Repeat the data word for word, excluding every picture.

** Opening DATASET EXCERPTS block **

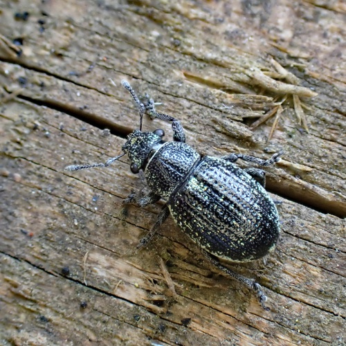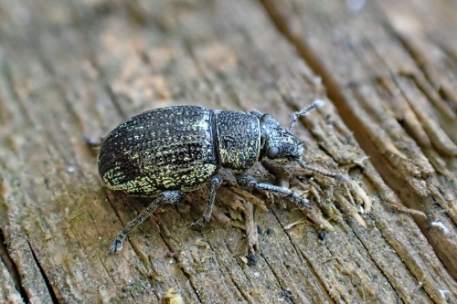 Size 3.4 to 4.5 mm. This is predominantly a black weevil, with a dusting of white scales down the side of the elytra and onto the pronutum.
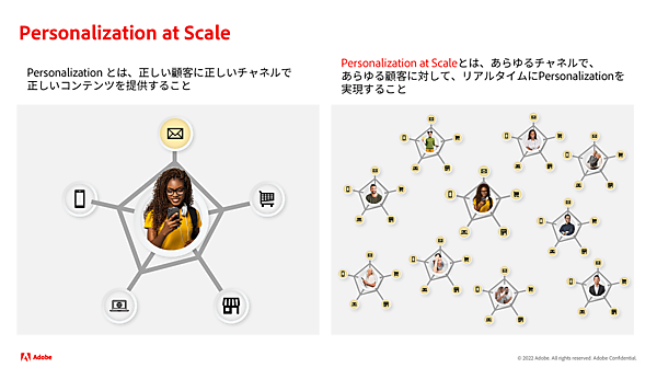 その方法としてあげられるのがパーソナライゼーションだ。講演のタイトルにもある「Personalization at Scale」を日本語に訳すと、「大規模なパーソナライゼーション」となる。従来のパーソナライゼーションでは、企業やブランドが選択したチャネルで、特定のセグメントに対してコンテンツを配信していたが、タッチポイントが広がったことで、顧客が選んだタッチポイントで顧客の都合や好みにあわせてコミュニケーションを行う、一歩先のパーソナライゼーションが求められるようになっている。
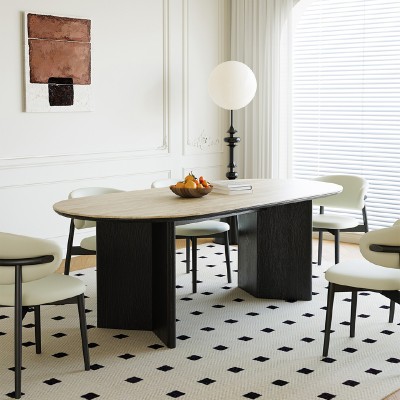 意式极简餐椅CY-077+C351 现代风格 加厚岩板餐桌 餐厅家具
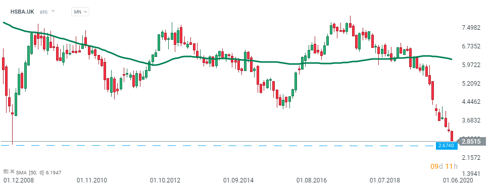 Cổ phiếu HSBC (HSBA.UK) mở cửa phiên giao dịch hôm nay với gap giảm và đang hướng tới hỗ trợ ở mức 2,67 - mức chưa từng thấy kể từ tháng 3 năm 2009. Nguồn: xStation5
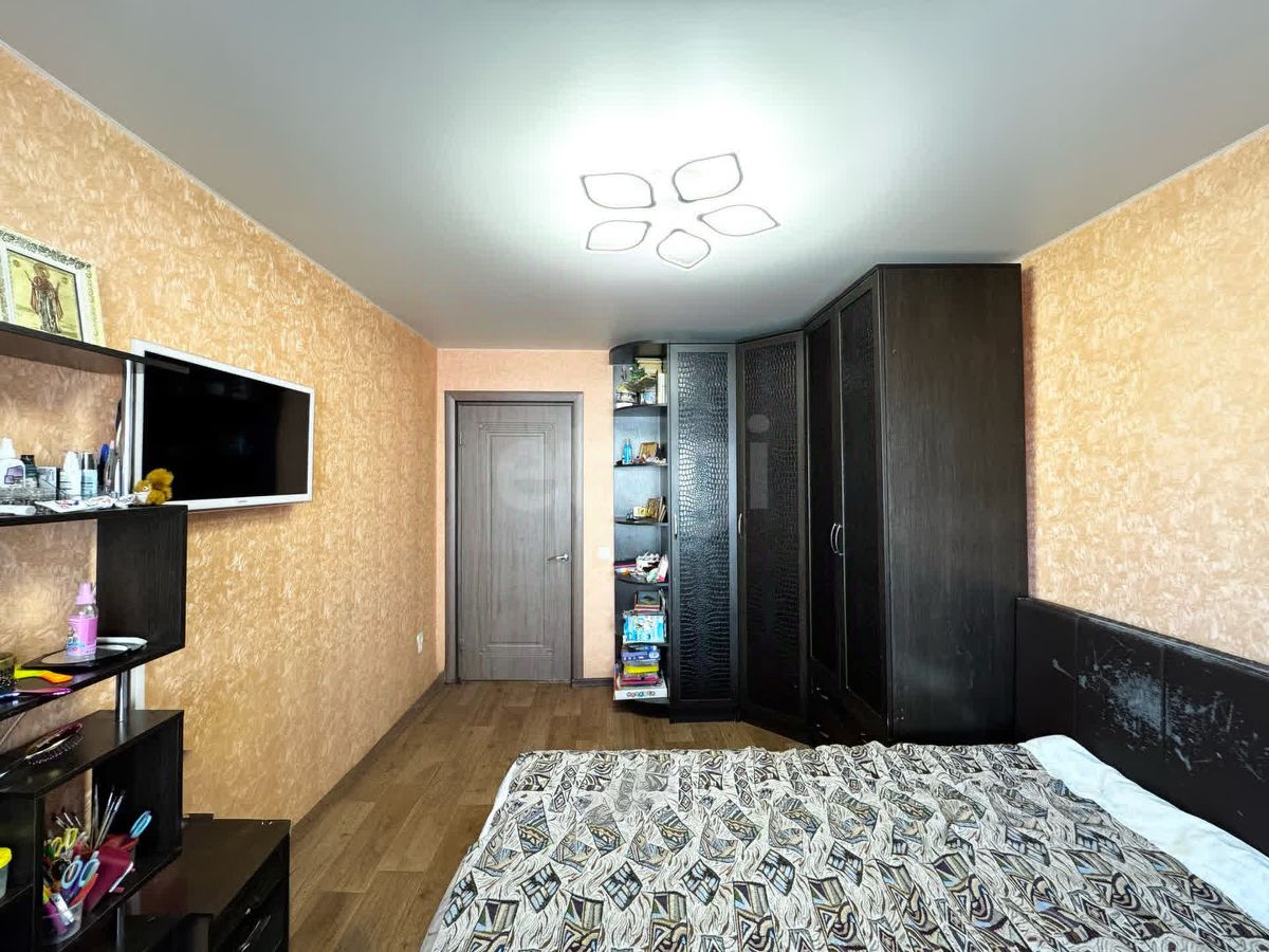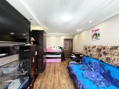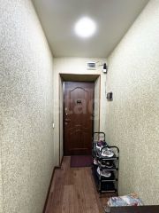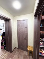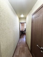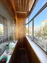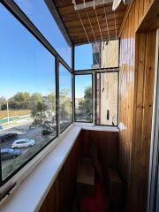 В квартире сделан косметический ремонт: установлены пластиковые окна, натяжные потолки, линолеум по всей квартире. Комнаты изолированные, выходят на разные стороны. В одной из комнат есть выход на застекленный балкон, обшитый вагонкой. Между комнатами гардеробная.
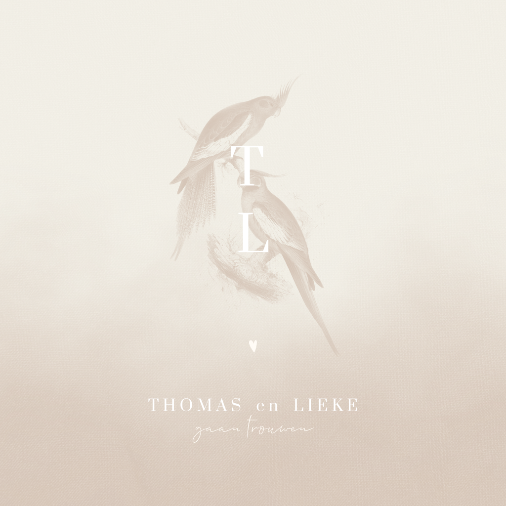 Rustige vogel trouwkaart met initialen, linnenlook en goudfolie
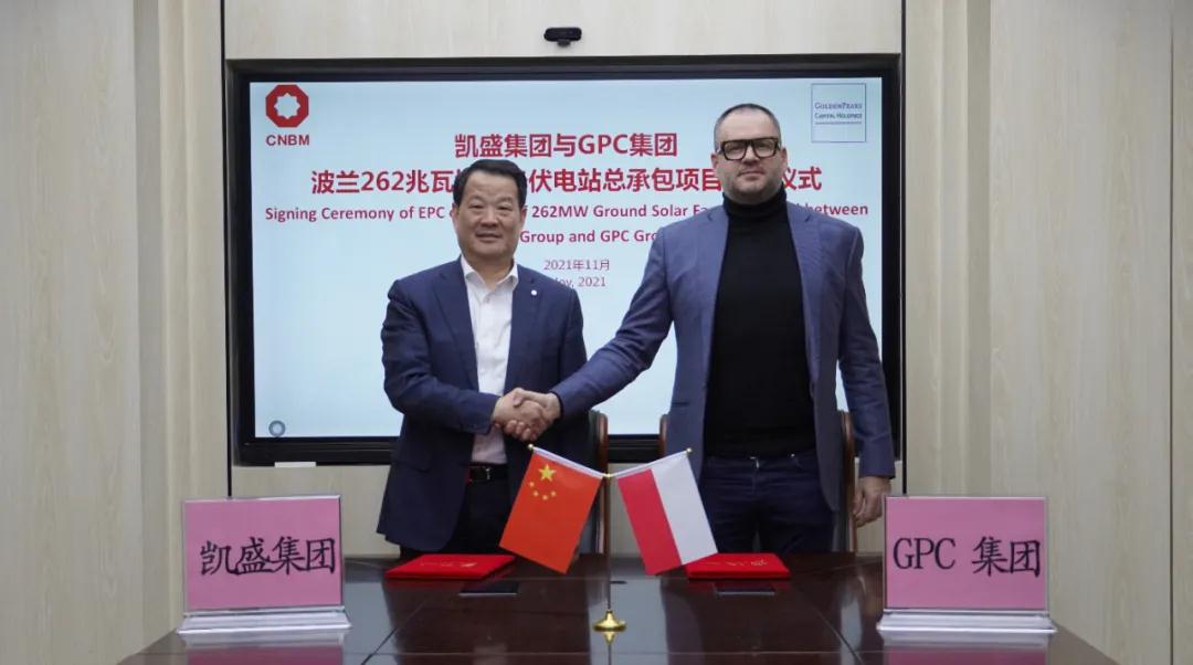 ? 中國工程院院士、中國建材集團總工程師、凱盛科技集團董事長彭壽與GPC集團主席Daniel Tain代表雙方簽訂波蘭262MW地面光伏電站項目總承包合同。
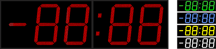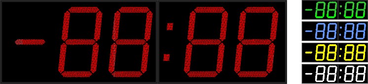 Дисплей часов создан на основе светодиодов SMD 3528 с чипом Epistar с диаметром 5 мм, которые размещены на светодиодной секции в пять рядов и создают четыре (4) знака высотой 1000 мм, видные на расстоянии до 350 метров. Угол половины яркости устройства = 60˚. Если требуется подстройка яркости в зависимости от фонового освещения, приобретается соответствующий блок. Цвет светодиодов определяется при заказе и может быть красным, зелёным, жёлтым, синим или белым.
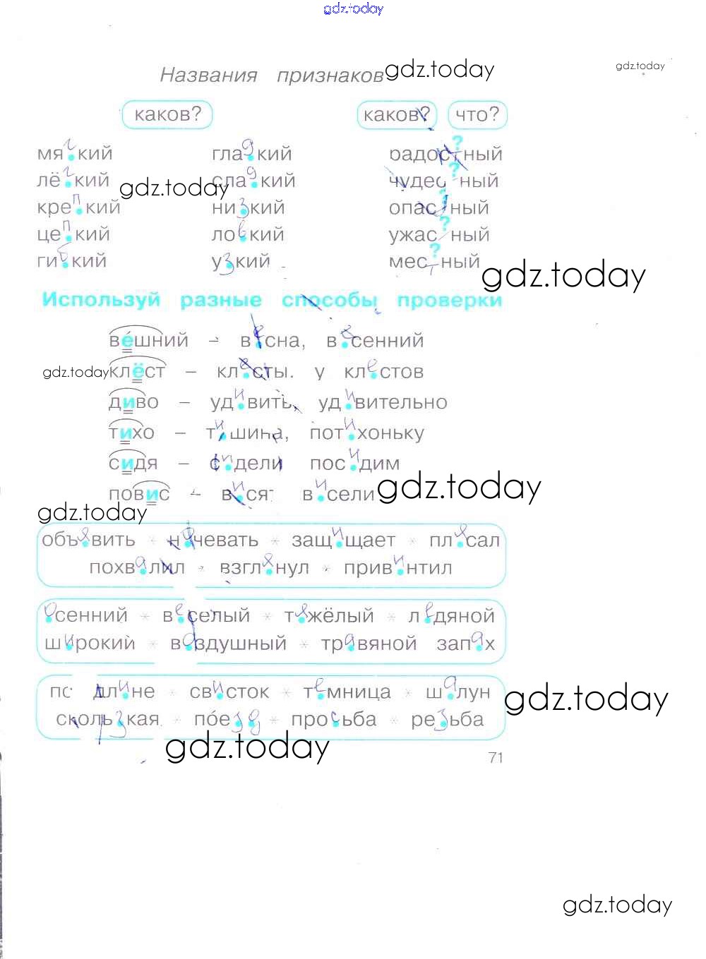Ответы к Решение к части 1. Страницы 71 Рабочей тетради по Русскому языку для 2 класса Соловейчик, Кузьменко Ассоциация 21 век Гармония 2012
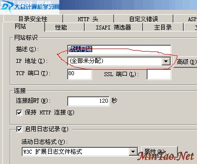 打开你的IIS,找到默认网站,点右键,执行“属性”操作,弹出上图的对话框,将IP地址设置为“全部未分配”;
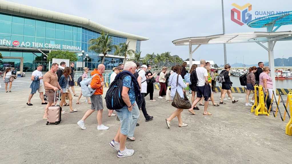 Du khách quốc tế tại Cảng Quốc tế Ao Tiên lên tàu nghỉ dưỡng tại các tuyến đảo.
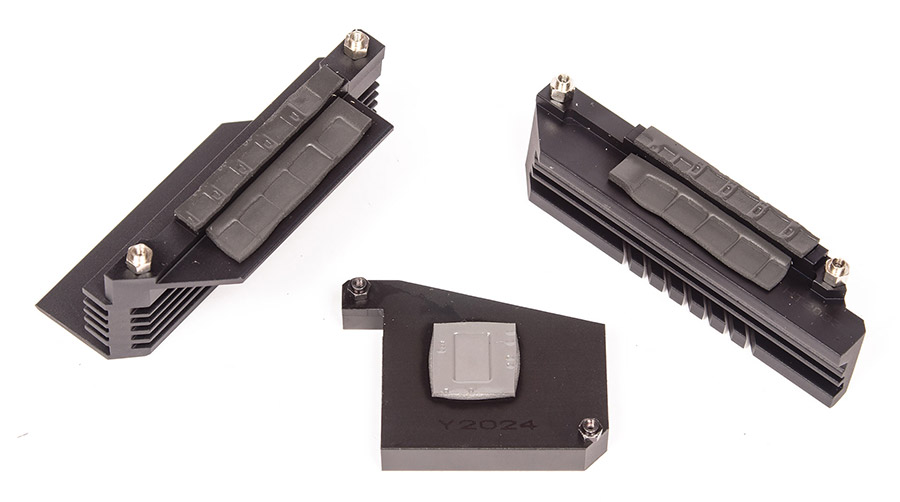 Замечания есть как к площади термопрокладок, так и к самим теплосъёмникам, поверхности явно маловато для полноценного контакта с транзисторами, однако ситуация бывает намного страшнее, потому тут ещё всё выполнено относительно неплохо. Удивительно мало светлой прокладки достанется будущему SSD (и та уже подтекла).
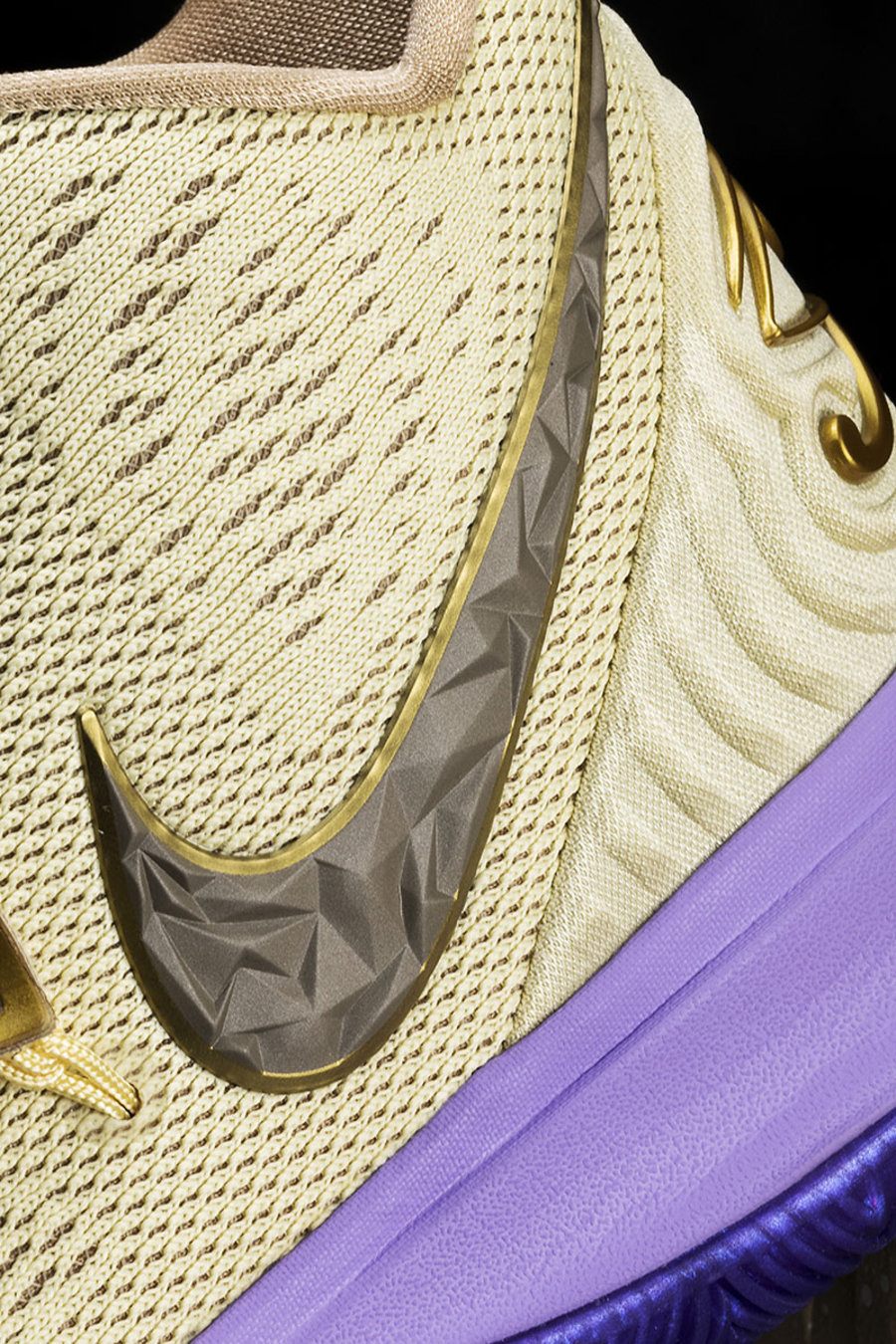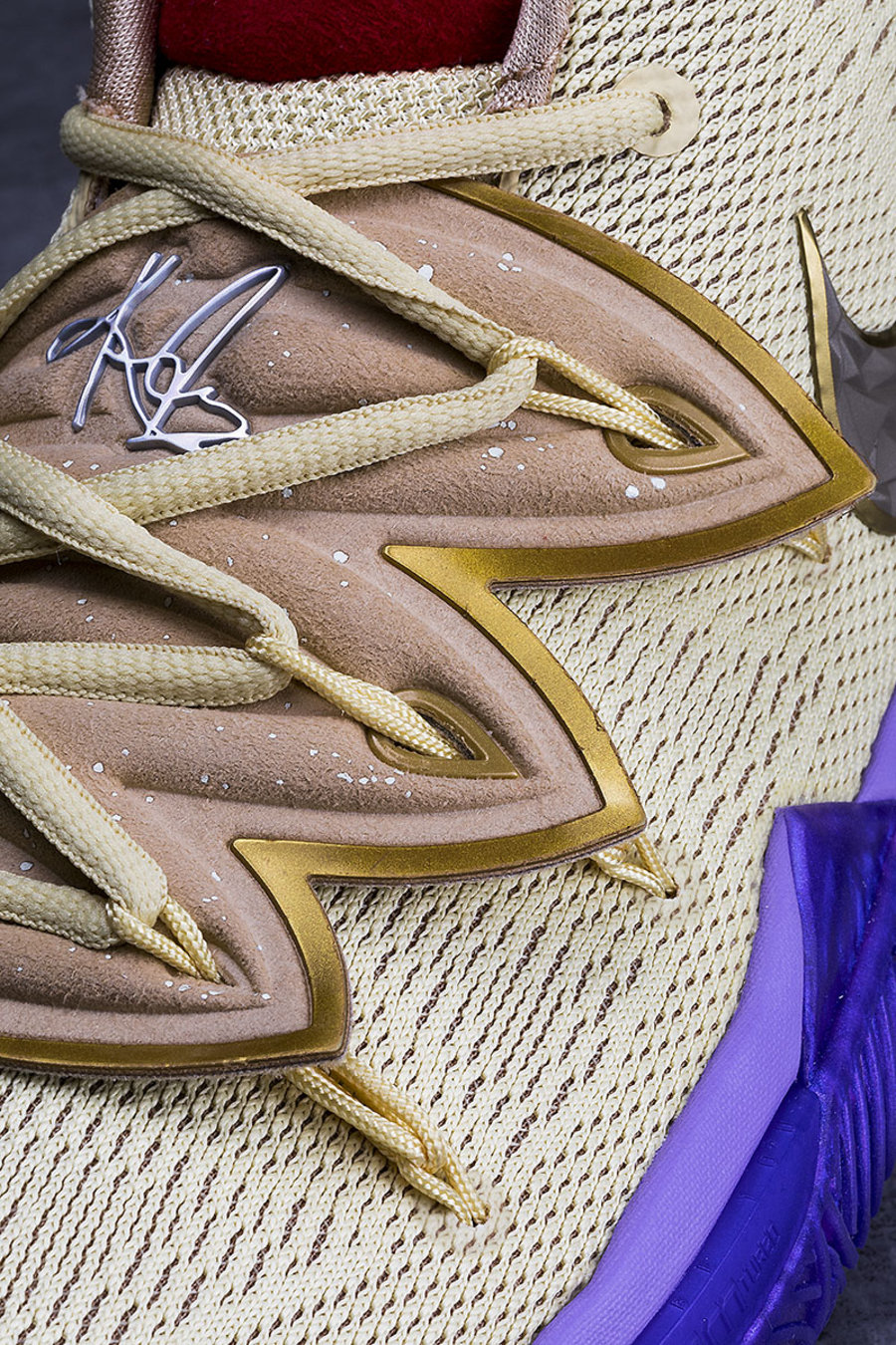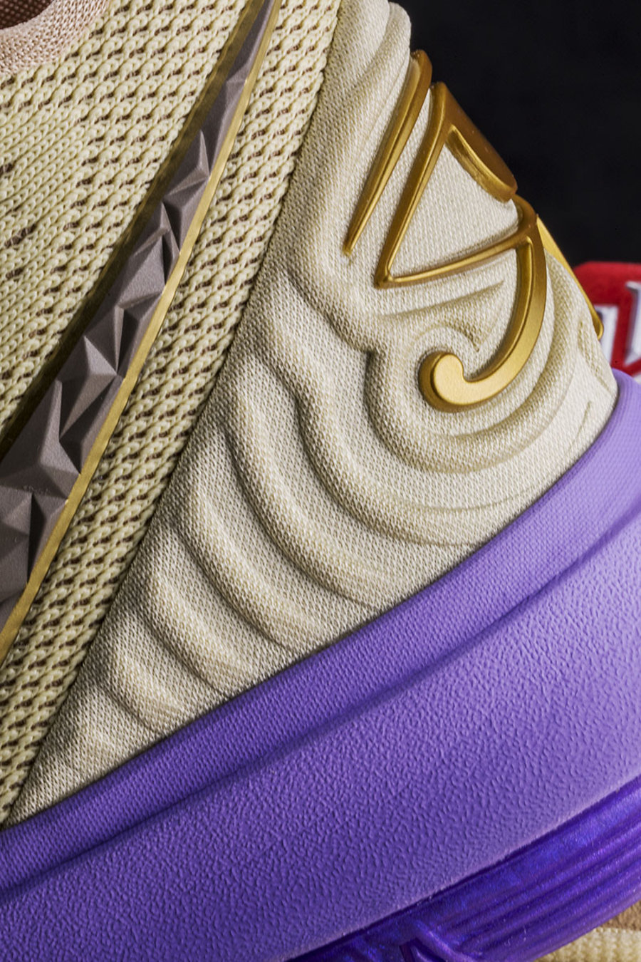 搭配本次 Kyrie 5 极具辨识度的捕蝇草造型,翻毛皮革打造金色镶边,犀利的战斗气氛之下,更流露出典雅的不凡气质!
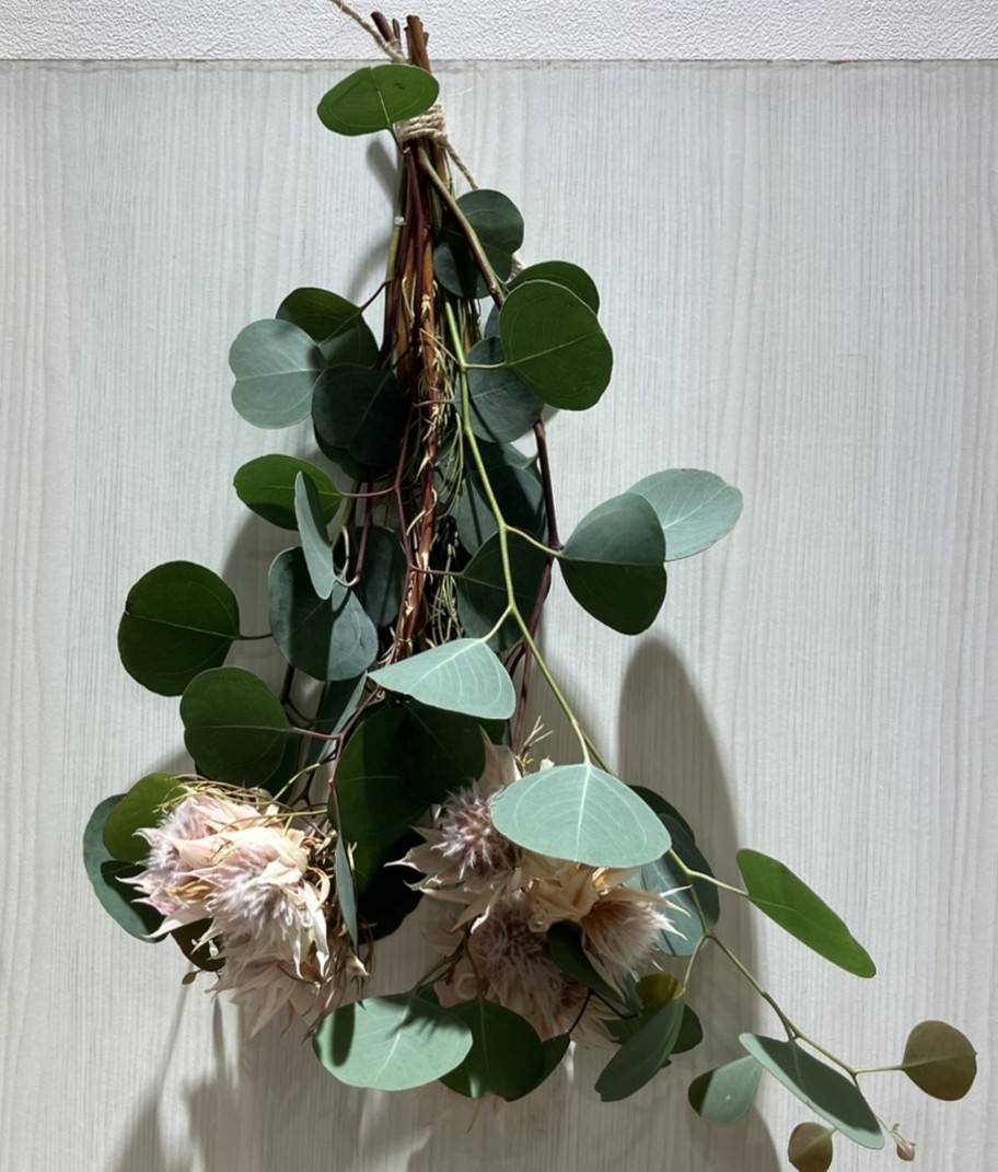 今の時期手に入りやすく、ドライにオススメの切り花としてグリーン系はユーカリ、ブルーアイス。

** Closing DATASET EXCERPTS block **

ANSWER SECTION:
 Size 3.4 to 4.5 mm. This is predominantly a black weevil, with a dusting of white scales down the side of the elytra and onto the pronutum.
 その方法としてあげられるのがパーソナライゼーションだ。講演のタイトルにもある「Personalization at Scale」を日本語に訳すと、「大規模なパーソナライゼーション」となる。従来のパーソナライゼーションでは、企業やブランドが選択したチャネルで、特定のセグメントに対してコンテンツを配信していたが、タッチポイントが広がったことで、顧客が選んだタッチポイントで顧客の都合や好みにあわせてコミュニケーションを行う、一歩先のパーソナライゼーションが求められるようになっている。
 意式极简餐椅CY-077+C351 现代风格 加厚岩板餐桌 餐厅家具
 Cổ phiếu HSBC (HSBA.UK) mở cửa phiên giao dịch hôm nay với gap giảm và đang hướng tới hỗ trợ ở mức 2,67 - mức chưa từng thấy kể từ tháng 3 năm 2009. Nguồn: xStation5
 В квартире сделан косметический ремонт: установлены пластиковые окна, натяжные потолки, линолеум по всей квартире. Комнаты изолированные, выходят на разные стороны. В одной из комнат есть выход на застекленный балкон, обшитый вагонкой. Между комнатами гардеробная.
 Rustige vogel trouwkaart met initialen, linnenlook en goudfolie
 ? 中國工程院院士、中國建材集團總工程師、凱盛科技集團董事長彭壽與GPC集團主席Daniel Tain代表雙方簽訂波蘭262MW地面光伏電站項目總承包合同。
 Дисплей часов создан на основе светодиодов SMD 3528 с чипом Epistar с диаметром 5 мм, которые размещены на светодиодной секции в пять рядов и создают четыре (4) знака высотой 1000 мм, видные на расстоянии до 350 метров. Угол половины яркости устройства = 60˚. Если требуется подстройка яркости в зависимости от фонового освещения, приобретается соответствующий блок. Цвет светодиодов определяется при заказе и может быть красным, зелёным, жёлтым, синим или белым.
Ответы к Решение к части 1. Страницы 71 Рабочей тетради по Русскому языку для 2 класса Соловейчик, Кузьменко Ассоциация 21 век Гармония 2012
 打开你的IIS,找到默认网站,点右键,执行“属性”操作,弹出上图的对话框,将IP地址设置为“全部未分配”;
 Du khách quốc tế tại Cảng Quốc tế Ao Tiên lên tàu nghỉ dưỡng tại các tuyến đảo.
 Замечания есть как к площади термопрокладок, так и к самим теплосъёмникам, поверхности явно маловато для полноценного контакта с транзисторами, однако ситуация бывает намного страшнее, потому тут ещё всё выполнено относительно неплохо. Удивительно мало светлой прокладки достанется будущему SSD (и та уже подтекла).
 搭配本次 Kyrie 5 极具辨识度的捕蝇草造型,翻毛皮革打造金色镶边,犀利的战斗气氛之下,更流露出典雅的不凡气质!
 今の時期手に入りやすく、ドライにオススメの切り花としてグリーン系はユーカリ、ブルーアイス。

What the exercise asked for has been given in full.